The transfer of data during the inference phase is an active field of research [25, 30, 33, 23, 3, 18]. Two different lines of approaches exist: (a) feature extraction, where the original features get modified, and (b) feature selection, where a subset of the original features is chosen. In this work, we consider feature selection scenarios, where the user can select and slice the data, but is not able to perform any computations on the server side, which excludes the use of feature extraction schemes. For example, a neural network cannot be applied on the server. Recently, unsupervised approaches based on autoencoders have been proposed that aim at selecting a pre-defined number of relevant input pixels. However, these methods loose the spatial information present in the data during the selection process [3, 10]. LassoNet [18] has been proposed as a supervised and unsupervised feature selection scheme. It is, however, only applicable to fully-connected networks and not to the more prominent convolutional networks.

We conduct a gradient-driven search to find suitable weight assignments for the selection masks (defined below). As detailed below, an exhaustive search for finding an optimal feature selection is computationally intractable. An alternative to our approach are greedy schemes that, e. g., incrementally select input channels or pixels (i. e., similar to forward/backward feature selection methods). However, these approaches also quickly become computationally infeasible in case many features (e. g., pixels or channels) are given.

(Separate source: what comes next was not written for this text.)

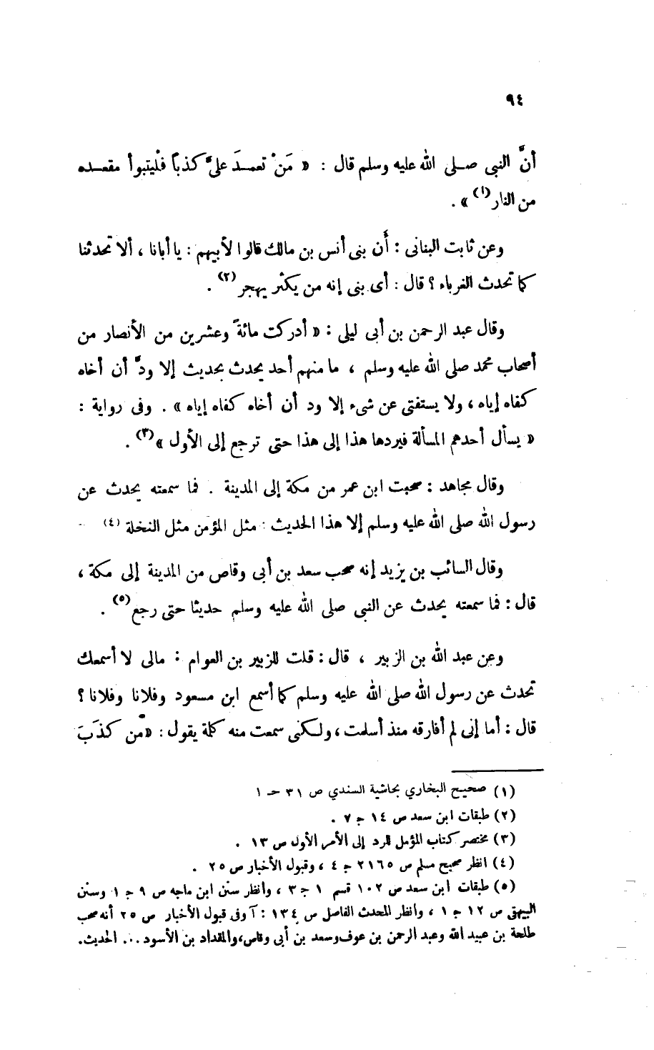(¬5) " طبقات " ابن سعد: ص 102 قسم 1 جـ 3، وانظر " سنن ابن ماجه ": ص 9 جـ 1 و" سنن البيهقي ": ص 12 جـ 1، وانظر " المحدث الفاصل ": ص 134: آوفي " قبول الأخبار ": ص 25: أَنَّهُ صَحِبَ طَلْحَةَ بْنَ عُبَيْدِ اللهِ وَعَبْدَ الرَّحْمَنِ بْنَ عَوْفٍ وَسَعْدَ بْنَ أَبِي وَقَّاصٍ، وَالمِقْدَادَ بْنَ الأَسْوَدِ ... الحديث.

Another approach is based on iteratively selecting features according to a pre-calculated ranking, for instance based on the feature importance values induced by random forests [4, 7] or based on a principal feature analysis [22]. However, these methods neglect the feature structure, in particular spatial correlations, which is vital for many tasks. In addition, they usually yield sub-optimal results since they are not trained simultaneously with the task model in an end-to-end fashion.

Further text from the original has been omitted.